▶ **What you will do**
With the pictures removed, the data below must be transcribed in full and exactly.

---------- Given information

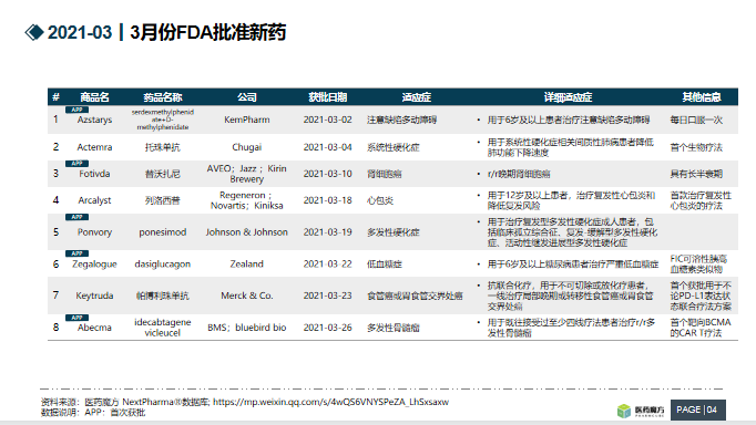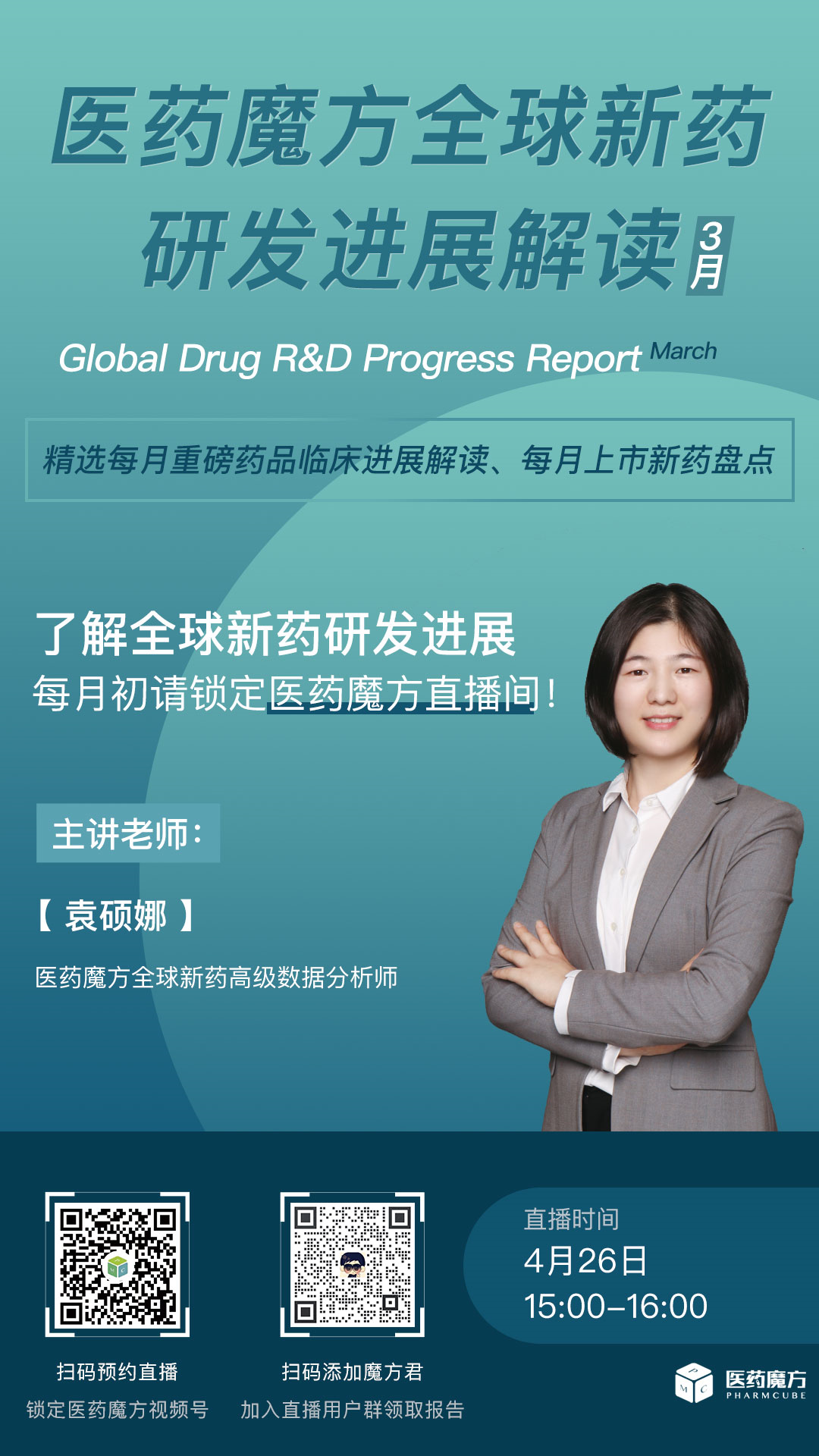↑【4月26日下午15:00】↑医药魔方全球新药高级数据分析师袁硕娜将为大家带来“2021年3月全球新药研发进展”的主题直播分享,内容包含
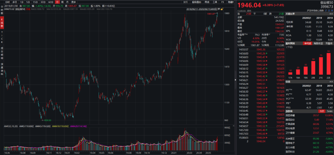 与此同时,创业板50指数在当日盘中一度大涨2.24%,至1981.87点,超过了2月25日的高点,并创出了3年半新高。
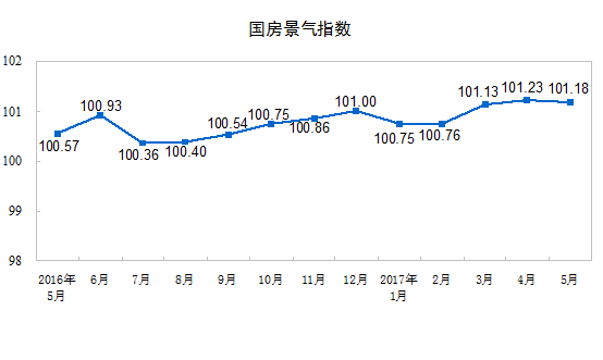 5月份,房地產(chǎn)開發(fā)景氣指數(shù)(簡稱“國房景氣指數(shù)”)為101.18,比4月份提高0.05點。
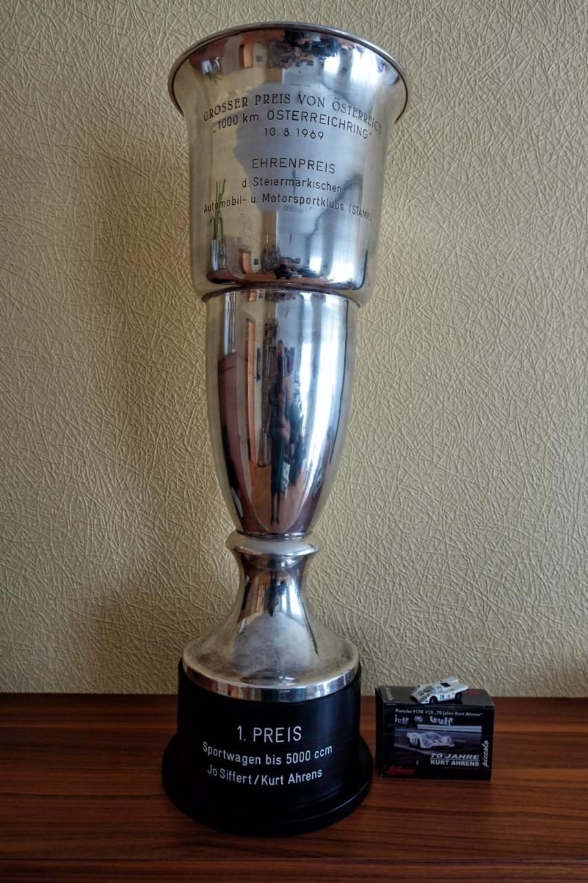 Allererster Sieg des Porsche 917 - Zeltweg 1969 - Jo Siffert / Kurt Ahrens. Der originale Pokal wurde aktuell restauriert, die Patina ist aber geblieben.

--------------------

▶ **Response**
↑【4月26日下午15:00】↑医药魔方全球新药高级数据分析师袁硕娜将为大家带来“2021年3月全球新药研发进展”的主题直播分享,内容包含
 与此同时,创业板50指数在当日盘中一度大涨2.24%,至1981.87点,超过了2月25日的高点,并创出了3年半新高。
 5月份,房地產(chǎn)開發(fā)景氣指數(shù)(簡稱“國房景氣指數(shù)”)為101.18,比4月份提高0.05點。
 Allererster Sieg des Porsche 917 - Zeltweg 1969 - Jo Siffert / Kurt Ahrens. Der originale Pokal wurde aktuell restauriert, die Patina ist aber geblieben.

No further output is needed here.